Team Zambia: Meet Sarah

BY 30 HOUR FAMINE TEAM

 

A couple nights ago, I was lying in bed thinking about the Study Tour. My thoughts started off pretty good; I thought about how excited and thankful I am for this opportunity, how cool it is that God is allowing me to serve Him while doing something that I’m passionate about. So far so good, right? But those thoughts didn’t last long. Pretty soon I was thinking about myself, and I started to dwell on the fact that I, Sarah Paul, am one of the 8 kids selected to go on this trip. In a matter of minutes I went from praising and thanking the Lord to focusing on myself and being prideful. By the time I was drifting off to sleep, my ego had grown pretty big. Then something happened.  I felt this soft tugging on my heart and I felt God saying, “Hey Sarah, we need to talk.” My response? “Are you serious?! It’s past midnight and I’m tired. Goodnight!”

 “Sarah….we need to talk.”

“But God-”

“We need to talk.”

“Ugh.  Fine.”

 I got out of my warm cozy bed and got down on my knees. “Okay God, I’m here. Now what?” Complete silence.  And then it hit me. My thoughts while lying in bed didn’t glorify God. I was boasting in myself and taking pride in myself when I didn’t deserve any of the glory. That soon progressed into an hour long time of intense prayer, asking God to be glorified in my life, thanking Him for who He is, asking Him to show me how to give Him the glory He deserves, praying for my family and friends. As I was finishing up my time of prayer, I climbed back into my bed and was once again drifting off to sleep when I felt another tug on my heart.

“Um Sarah, I listened to you as you talked with Me. Now it’s your turn to listen.” This time I couldn’t really argue seeing as I spent the past hour pouring my heart out, not once pausing to listen to Him. I once again got out of my bed and down on my knees. Then I realized something. I’m not a good listener. My mind kept wandering to random things and once or twice I was pretty close to falling asleep.

“God…I’m not really sure how to do this whole ‘listening to You’ thing. Wanna help me out here?”

 “Be still and know that I am God.”

“What? What does that even mean?”

“Be still and know that I am God.”

“How am I supposed to do that?”

“Be still and know that I am God.”

“But- fine. Okay.”

 I closed my eyes and just focused on being still in God’s presence. It was difficult to be still and quiet like that, but it was well worth it. After a few minutes of just meditating on Psalm 46:10, and focusing on who God is and what He has and is doing, something cool happened. All these different pictures flashed through my mind, each one showing a time in my life where God’s been there for me or showed me who He is. They just kept coming, image after image. It was one of the coolest ‘God moments’ I’ve ever had. It was as if with each picture, God was telling me ‘This is who I am and I love you.” In those few moments I felt God’s love for me so powerfully, and it was definitely worth getting out of my warm bed in the middle of the night for.

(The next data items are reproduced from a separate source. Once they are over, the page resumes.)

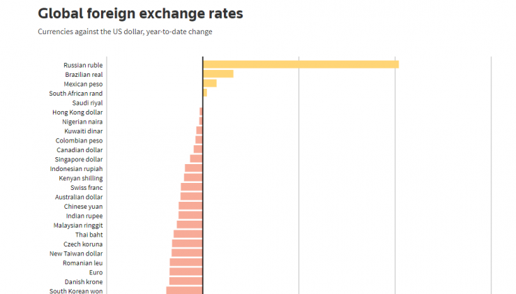 • Самая сильная валюта в мире: рубль, которого десятилетиями избегали даже россияне из-за его слабости и волатильности, на сегодняшний день является самой эффективной валютой в мире по отношению к доллару США с начала года.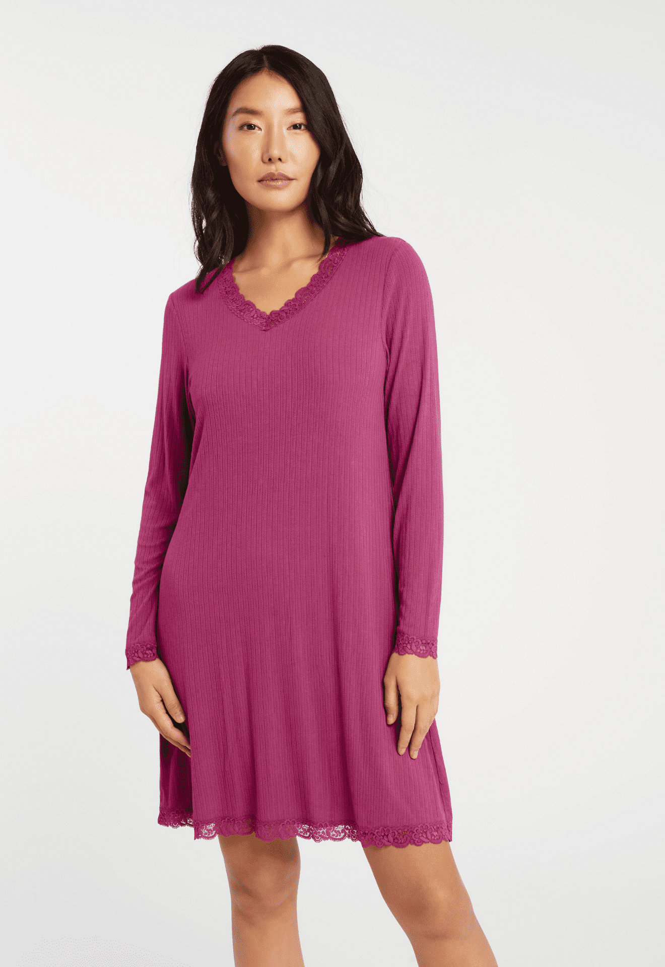 Restez au chaud et ressemblez à un rêve dans cette chemise de nuit modeste, faite de modal TENCEL™ doux et respectueux de l’environnement. Le style est ample pour votre confort et présente des accents de dentelle douce le long de l’ourlet, de l’encolure et autour des poignets pour ce petit quelque chose de doux.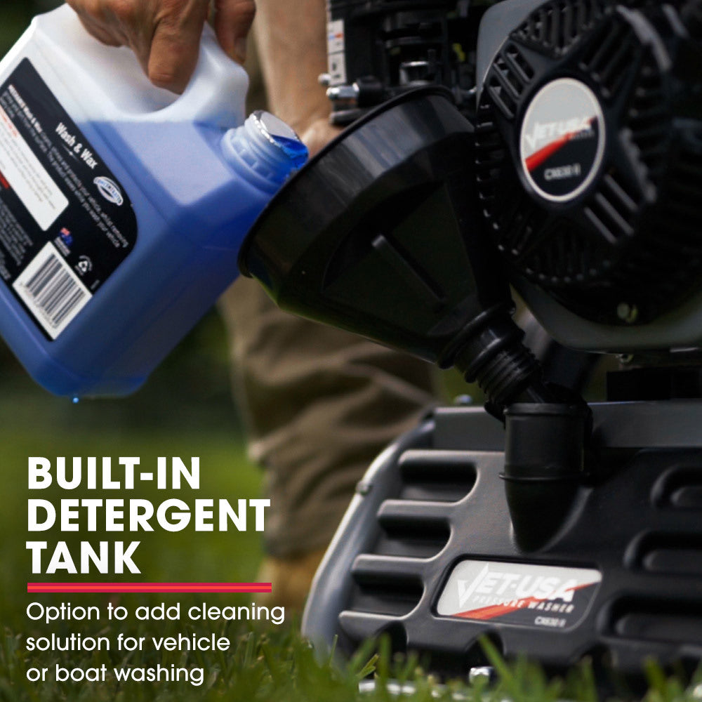 With the CX660 Pressure Cleaner youll make light work of sizable jobs such as blasting paths, deck rejuvenation, cleaning vehicles, boats and your other toys. An integrated tank allows you to add car detergent or degreaser to suit the job at hand. Five included Pro-tip nozzles are comprehensively tested to endure intensive spray pressure for years, and enable everything from light cleaning of sandstone to stripping hard surfaces.

 God wants us to walk in humility. To give Him the glory. Because honestly, we don’t deserve any of it. But even when we mess up and are ridiculously prideful, He’s more than willing to welcome us back into His arms because He loves us so much. I’m learning that when I feel God tugging at me telling me to do something, it’s best to listen to Him. Whether that be to run into a burning building and save the family goldfish, go up to some strangers and share the gospel with them or even just to climb out of bed in the middle of the night and get down on my knees and talk (and listen!) to Him, I’ve got to do it. 

 God will speak to us if we take the time to listen to Him. I have no idea what it is God wants to say to you, but I can promise you that if you just listen, it will most definitely be worth it.     

“Be still and know that I am God.  I will be exalted among the nations, I will be exalted among in the earth.”

~Psalm 46:10 

Sarah is one of the students that were selected to go to Zambia this year on the 2012 Study Tour! As you can tell, she has a huge passion for pursuing God, which we love about her. Team Zambia is set to arrive at World Vision Headquarters in just TWO days! Everyone on the Famine team is beyond excited that the time is finally here!